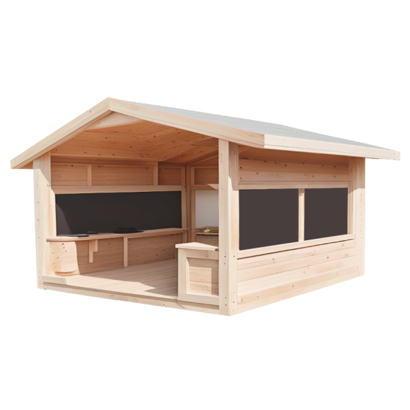 Three-sided space is a perfect resource for outdoor learning. With plenty of space for mark-making on the chalkboard walls. This space is perfect for endless hours of fun, communication, and teaching. Size: L2.4 x W2.4m. Eaves height: 2.1m
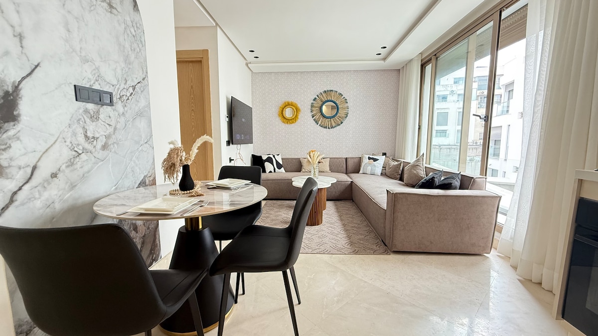 modern luxury studio with a cozy double bed, fully equipped kitchen, bright living area, bathroom, and access to an outdoor pool. Perfect for business or leisure. ✨ Returning travelers gift: free 15-min massage in a private VIP lounge at Casablanca or marrakech airport , with Moroccan tea/coffee & pastries. ⭐ Key Features: 🛏 Luxury studio 📍 5 min from airport 🏊 Pool access 🍽 Kitchen ☀ Bright space 🔐 Secure & quiet 📶 FAST Wi-Fi & 55 pouce Smart TV & netflix 🚗 Parking
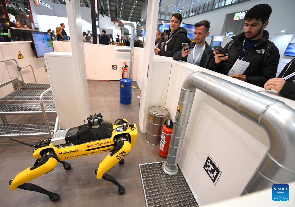 People look at an intelligent inspection robot dog during the Hannover Messe in Hannover, Germany, on April 18, 2023. Germany's leading trade fair for mechanical and electrical engineering kicked off on Monday in Hannover, with the theme of "Industrial Transformation - Making the Difference." (Xinhua/Ren Pengfei)
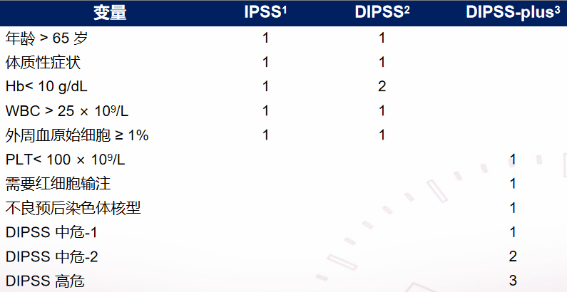 随着时间的推进,医学进入基因诊断的时代,骨髓纤维化患者的预后评估方法也在逐渐演变。在确诊为MF相关疾病后,医生会使用国际预后积分系统(IPSS)、动态国际预后积分系统(DIPSS)或DIPSS-Plus预后积分系统等工具对您的疾病情况进行预后分组,这也是PMF预后评估的经典方法。前者用于初诊患者,后两者可用于病程中任意时间。
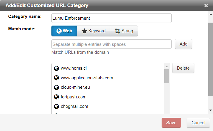Define the name you want to use for the Lumu Customized URL category. Make sure this name is unique and it is not used in another category.
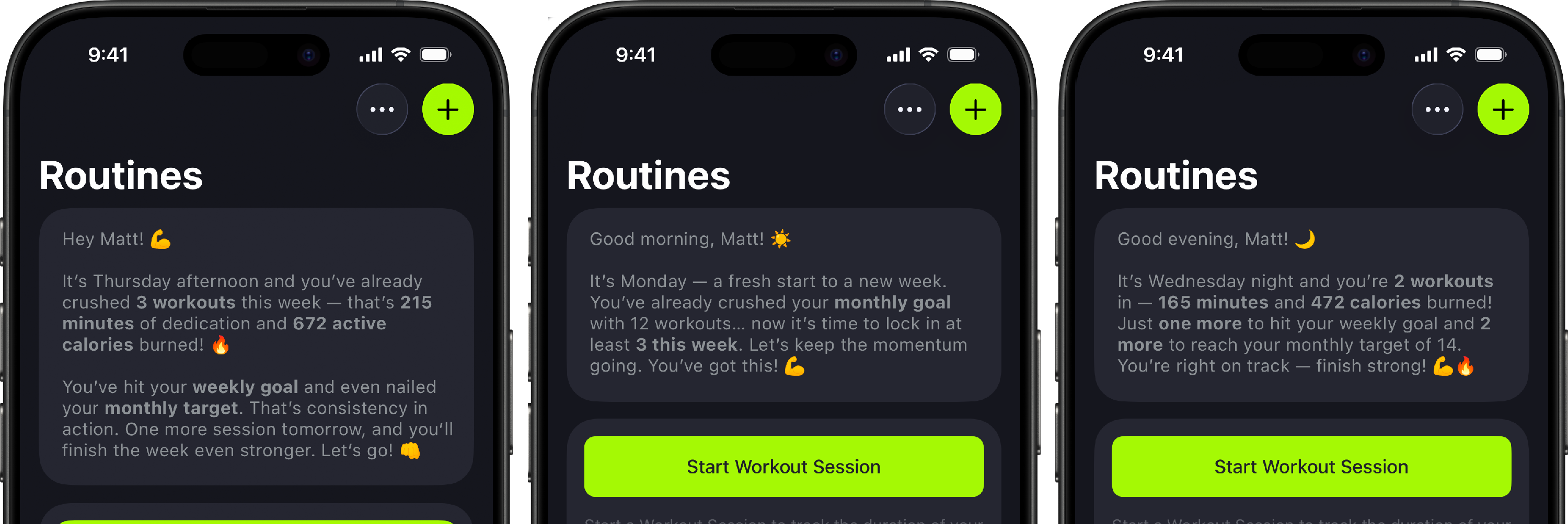 On the main screen (Routines tab), you’ll be welcomed with a personalized motivational message at the top, generated from your fitness data and goals. This is a smart dynamic greeting, that constantly changes to reflect your progress. They appear right above your routines and it is a great motivation boost.
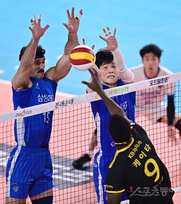 5일 대전충무체육관에서 열린 ‘2021~2022 도드람 V-리그’ 남자부 대전 삼성화재와 의정부 KB손해보험 경기에서 삼성화재 러셀과 안우재가 블로킹을 하고 있다.
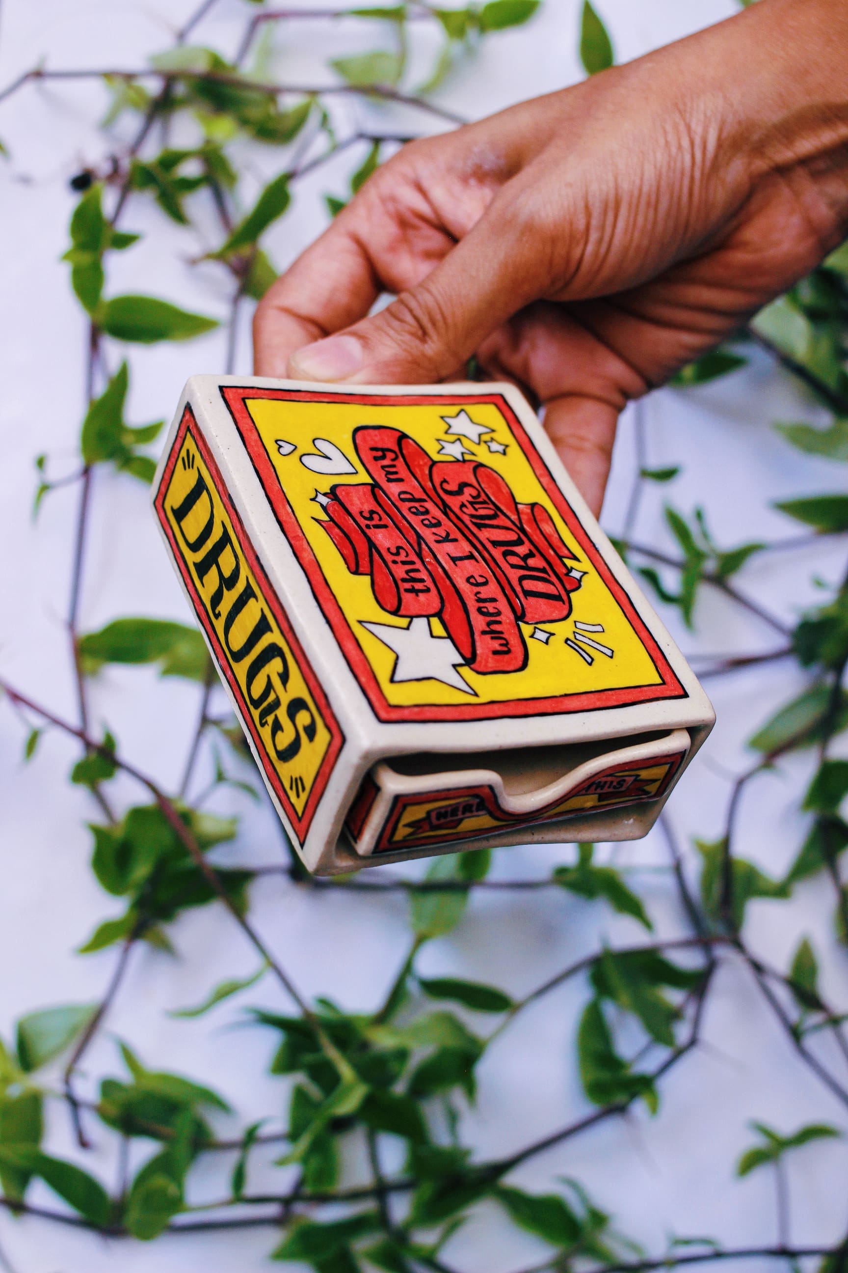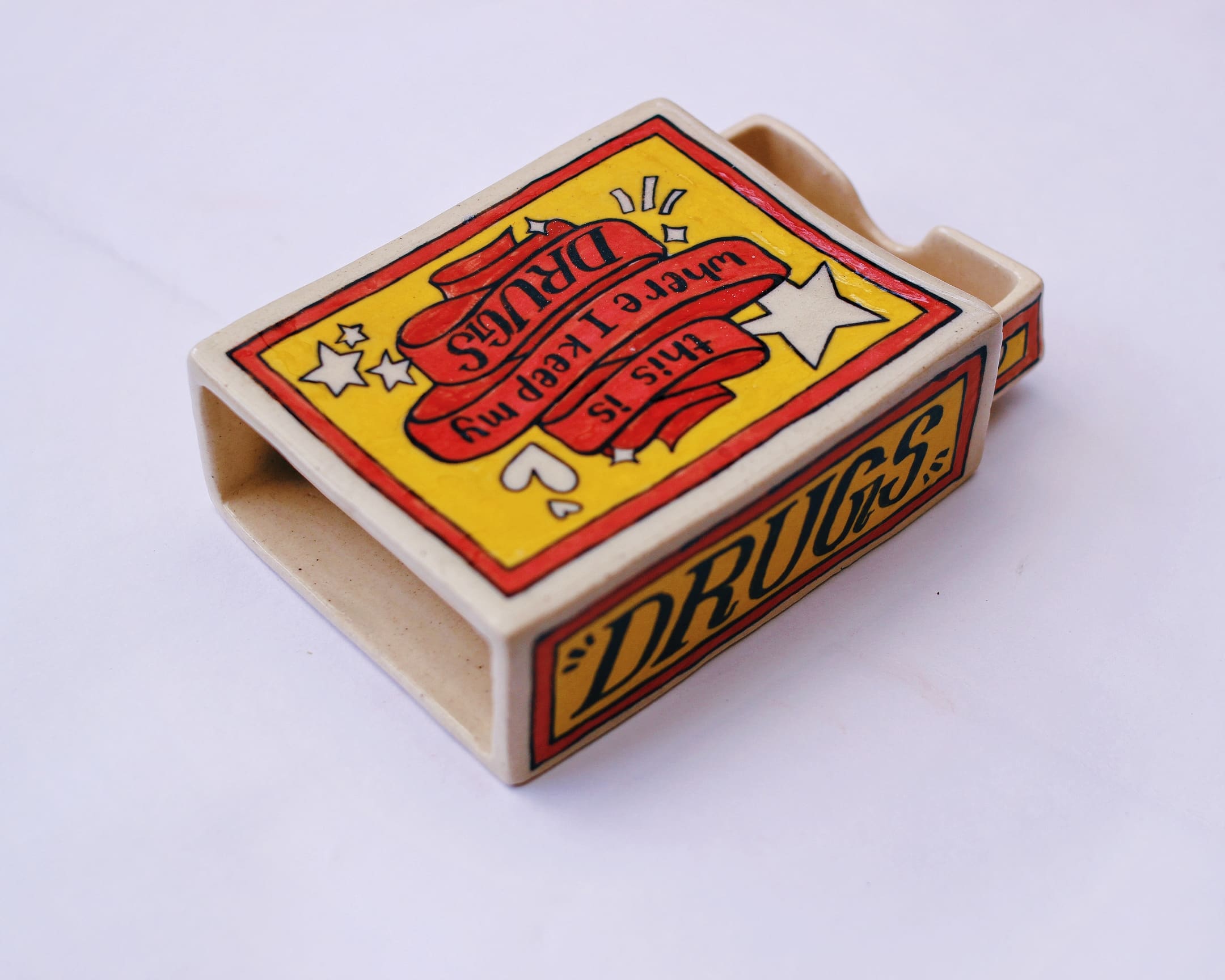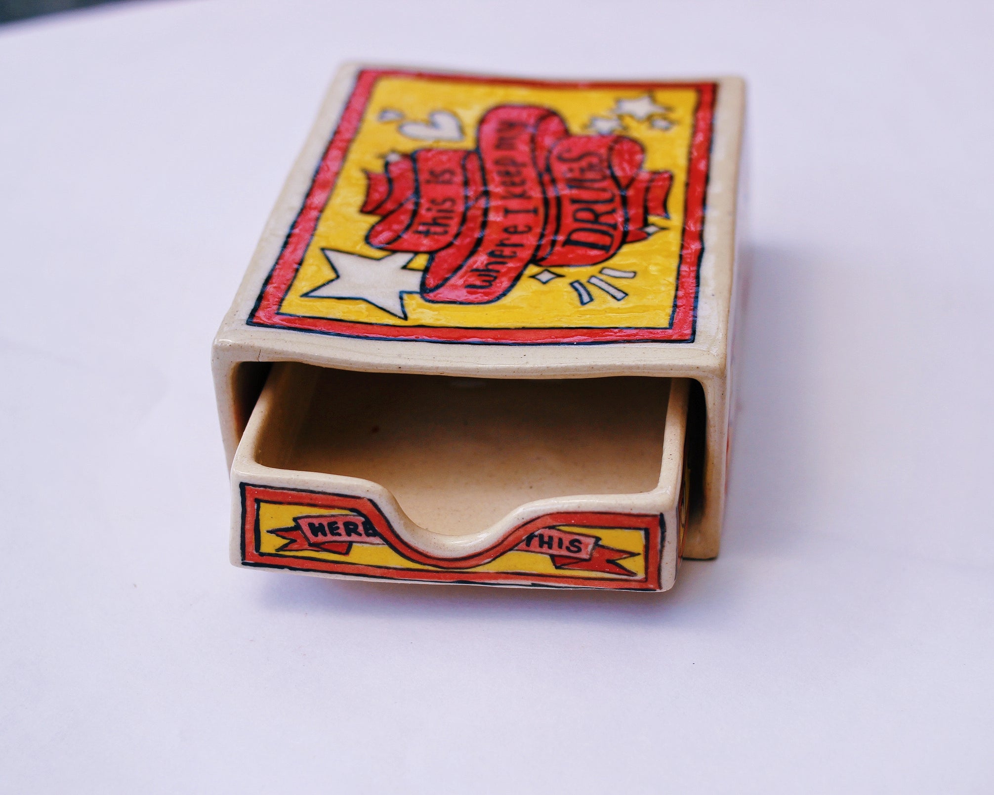 Crafted with a smooth pull-out drawer, it's perfect for stashing your secrets or completely legal ashes with a not-so-subtle sense of humor.

____

Exercise directions = Exact repeats of the lines from the first one in the data through the line containing "modern luxury studio" make up the answer. Pictures do not.

Completed task =
 Three-sided space is a perfect resource for outdoor learning. With plenty of space for mark-making on the chalkboard walls. This space is perfect for endless hours of fun, communication, and teaching. Size: L2.4 x W2.4m. Eaves height: 2.1m
 modern luxury studio with a cozy double bed, fully equipped kitchen, bright living area, bathroom, and access to an outdoor pool. Perfect for business or leisure. ✨ Returning travelers gift: free 15-min massage in a private VIP lounge at Casablanca or marrakech airport , with Moroccan tea/coffee & pastries. ⭐ Key Features: 🛏 Luxury studio 📍 5 min from airport 🏊 Pool access 🍽 Kitchen ☀ Bright space 🔐 Secure & quiet 📶 FAST Wi-Fi & 55 pouce Smart TV & netflix 🚗 Parking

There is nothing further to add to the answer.